Wall Street is largely convinced that the American economy will avoid a recession, with stocks climbing higher week after week thanks to this optimism. Yet consumers on the ground are looking increasingly shaky, pushing confidence barometers into unhealthy territory.
A few times this year recession indicators have flashed a warning. The yield curve inverted and then promptly righted itself. And the White House’s tariff plans led the likes of JPMorgan’s Jamie Dimon to warn economic contraction can’t be taken off the table.
This week came another warning: The Conference Board’s Expectations Index, which analyzes the short-term outlook for income, business, and labor market conditions—decreased by a further 1.3 points to 73.4. The benchmark triggering a recession warning is a reading of 80.
Consumer confidence dropped “sharply” in September, the organization wrote.
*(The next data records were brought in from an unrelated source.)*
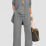 Design Rafinată în Trei Piese – Include o jachetă, un top și pantaloni asortați pentru un aspect coordonat și stilat.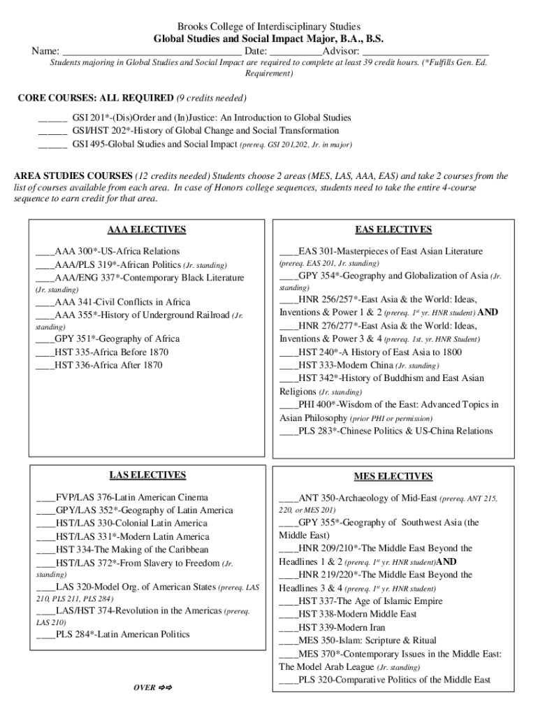 Brooks College of Interdisciplinary Studies Global Studies and Social Impact Major, B.A., B.S. Name: ___ Date: ___Advisor: ___ Students majoring in Global Studies and Social Impact are required to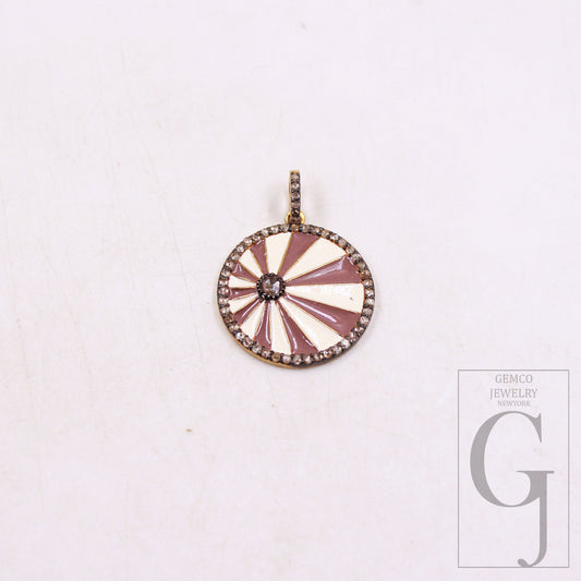 Royal Vermeil Enamel Sunburst Nomad Pendant Rosecut Pave Diamond Pendant 925 Sterling Silver Handmade Diamond Charms Necklace Pendant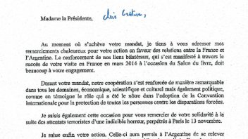 En el escrito, Francois Hollande agradeció la solidaridad que la mandataria argentina tuvo tras los atentados en París y le deseó "pleno éxito en sus futuras actividades".

Its Consumer Confidence Index declined to 94.2 in September from 97.8 in August, while the Present Situation Index (based on consumers’ assessments of business and labor market conditions) fell seven points to 125.4. Both indexes are measures against a 100-point benchmark recorded in 1985.
If there’s one part of the economy that analysts don’t want to see weakening, it’s consumers. This week regional Fed President Beth Hammack highlighted that Wall Street’s expectations of solid business performance were derived from stable consumer spending. Indeed, the likes of Bank of America CEO Brian Moynihan have expressed their surprise and optimism given that American consumers have fared so well in the past couple of years, and have continued to drive the economy as a result.